General information
- Location: Staple, Dover (district) England
- Platforms: 1

Other information
- Status: Disused

History
- Original company: East Kent Light Railway
- Post-grouping: East Kent Light Railway; Southern Region of British Railways;

Key dates
- 16 October 1916: Opened
- 1 November 1948: Closed to passengers
- 1 March 1951: closed completely

Location

= Staple railway station =

Former railway station in England

Staple railway station was a station on the East Kent Light Railway in southeast England, serving the village of Staple. It was located north of the village, on the west side of the road to Durlock, where it crosses over the Wingham River at Durlock Bridge.

The station site is now occupied by a farm.

==History==
The station opened on 16 October 1916 and the last passenger train ran on 30 October 1948. There was a windpump supplying the water tower, a passing loop and four sidings. During World War Two, a large munitions dump was set up at Staple and a large calibre rail mounted gun stabled there.

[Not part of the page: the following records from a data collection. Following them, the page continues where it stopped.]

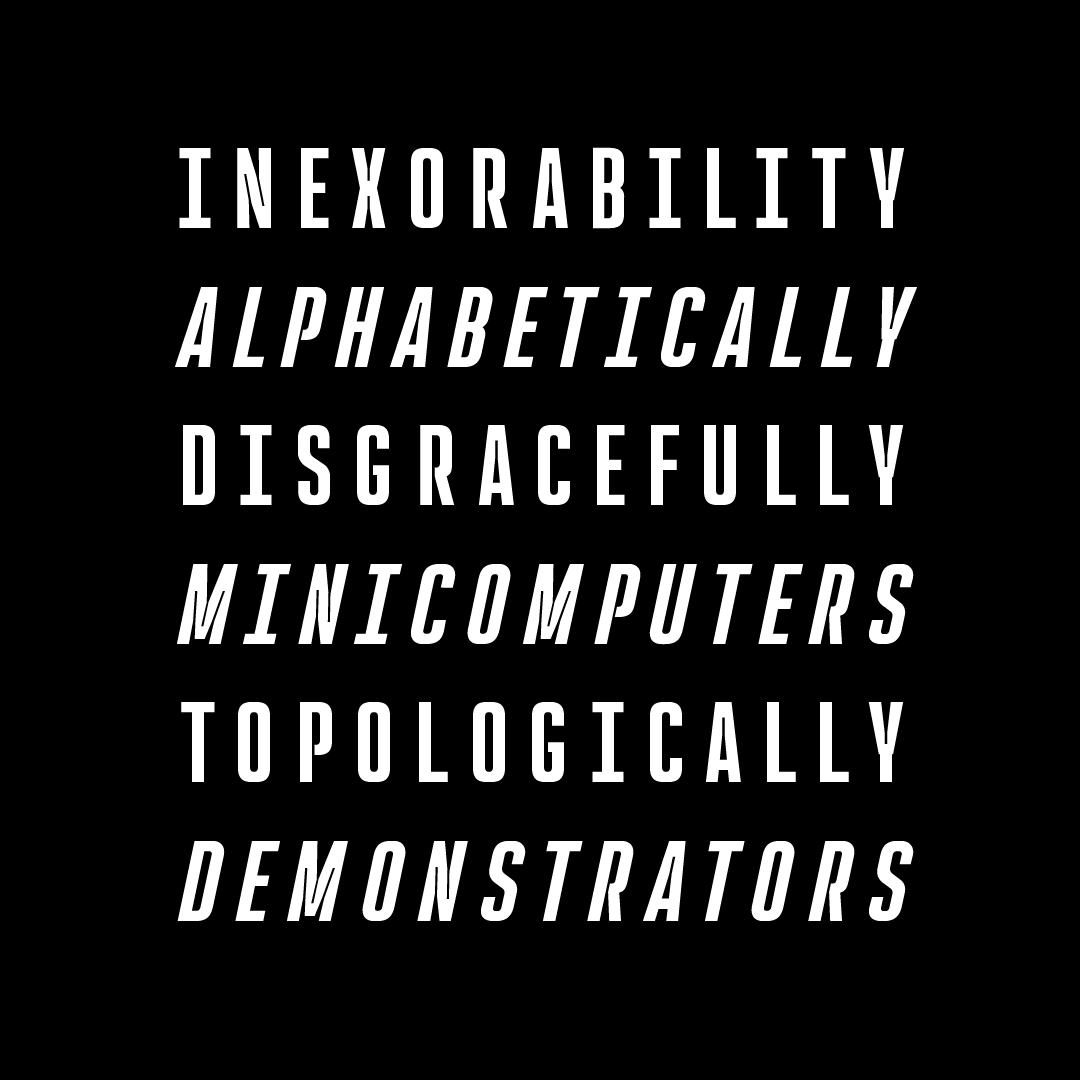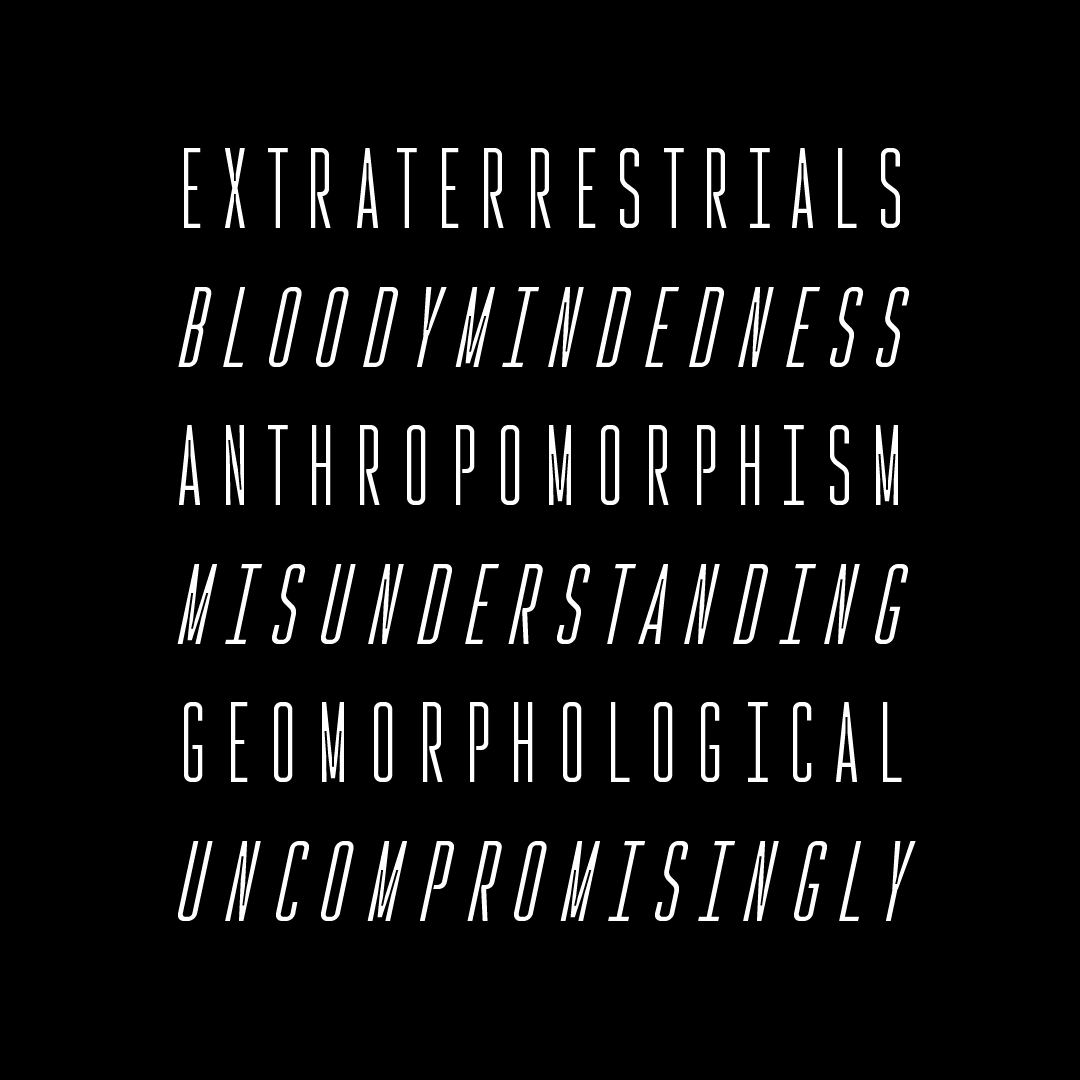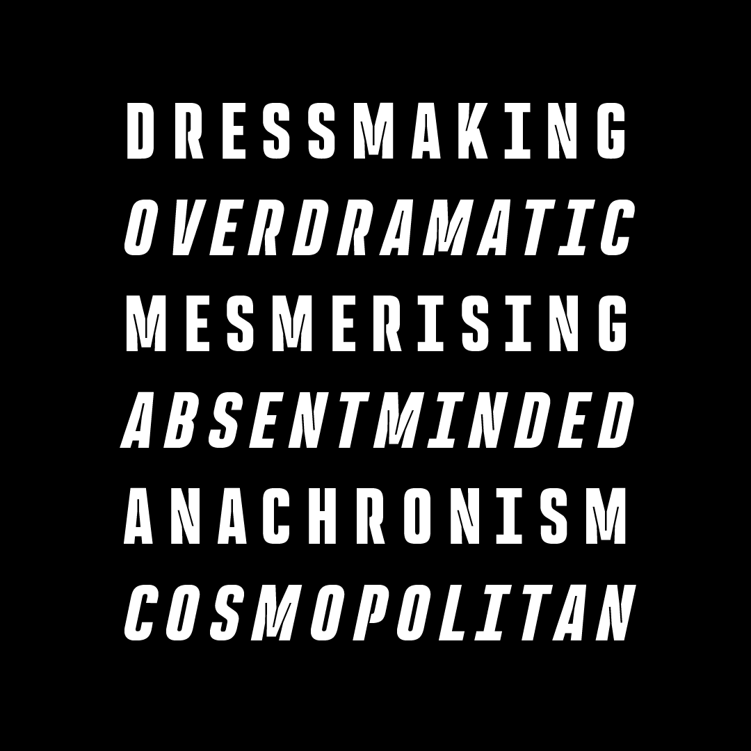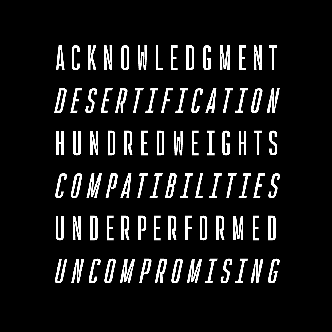 Fun fact: all of Rocinante’s weights align exactly with those in Havelock Titling. You can combine those two for further contrast: the narrowness of Rocinante with the luxurious roundness in Havelock; the tense squareness in Rocinante with the round bubbly joints in Havelock.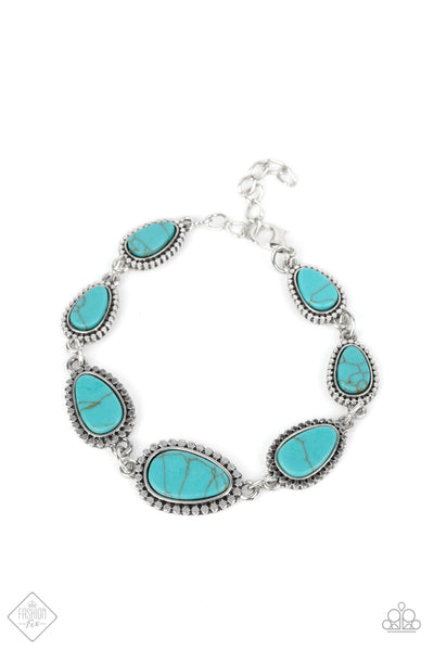 Encased in frames of flattened silver studs, pieces of flat turquoise stone teardrops gradually increase in size as they link around the wrist for an artisan-inspired look. Features an adjustable clasp closure.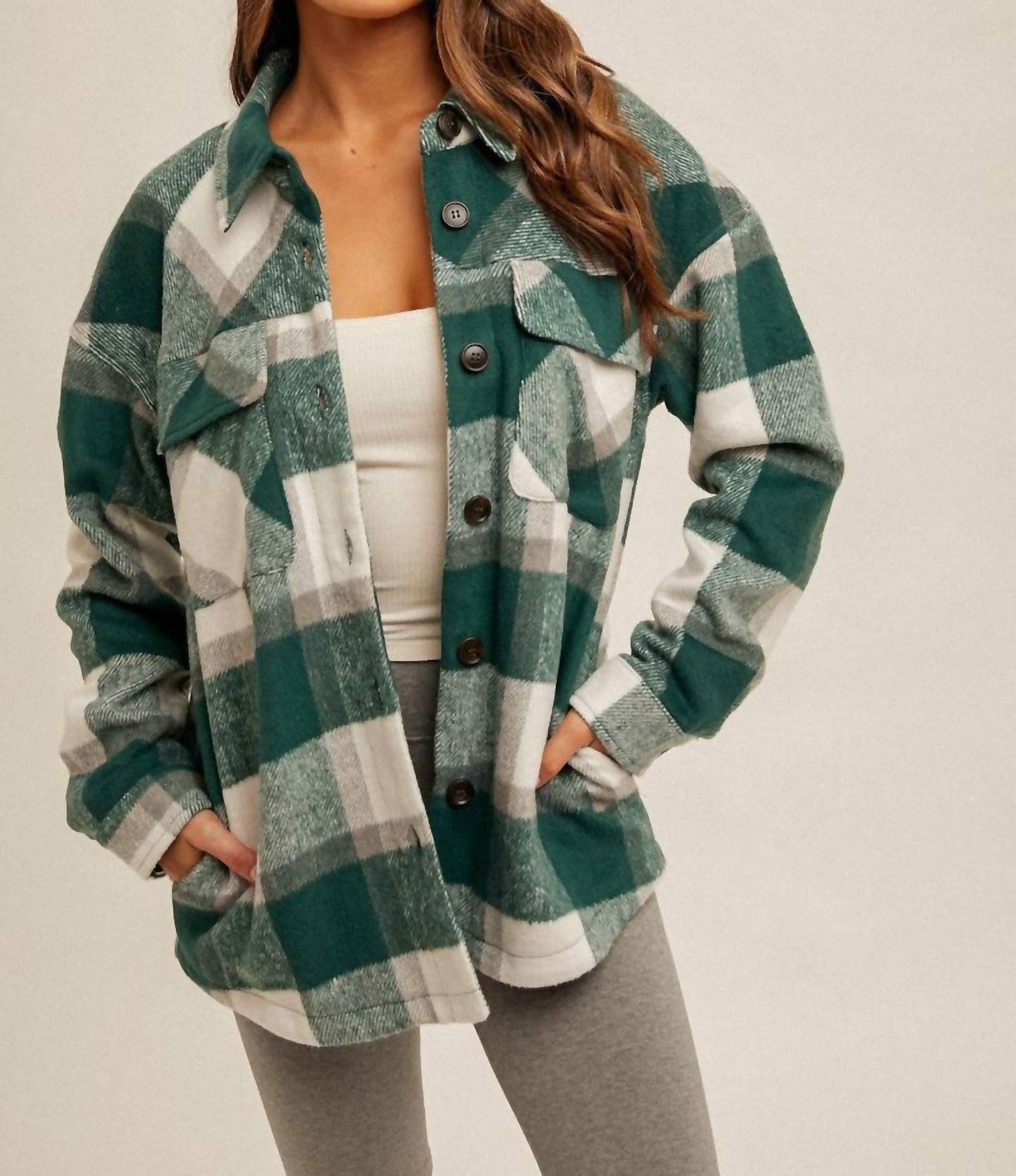Perfectly tailored and soft to the touch. Plush addition to your fall wardrobe. Crafted from 100% polyester, perfect for layering on those travel escapades. Forest green plaid & check pattern adds a touch of streetwear flair, complete with functional pockets and a classic collared neckline. Easy to care for with hand wash instructions. Seamlessly blends comfort with style.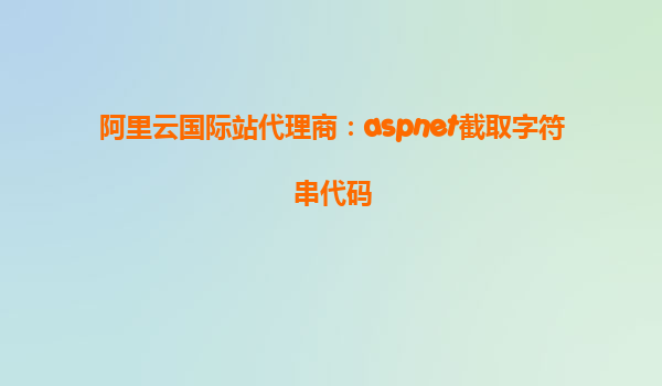 阿里云國際站代理商:ASP.NET截取字符串代碼與阿里云優(yōu)勢分析

The windpump was demolished in June 1950.

| Preceding station | Disused railways |  |  | Following station |
|---|---|---|---|---|
| Ash Town |  | 16 October 1916 to 31 December 1947 East Kent Light Railway |  | Wingham Colliery |
| Ash Town |  | 1 January 1948 to 30 October 1948 Southern Region |  | Wingham Colliery |

==Sources==
- Vic Mitchell, Keith Smith (1989). "The East Kent Light Railway"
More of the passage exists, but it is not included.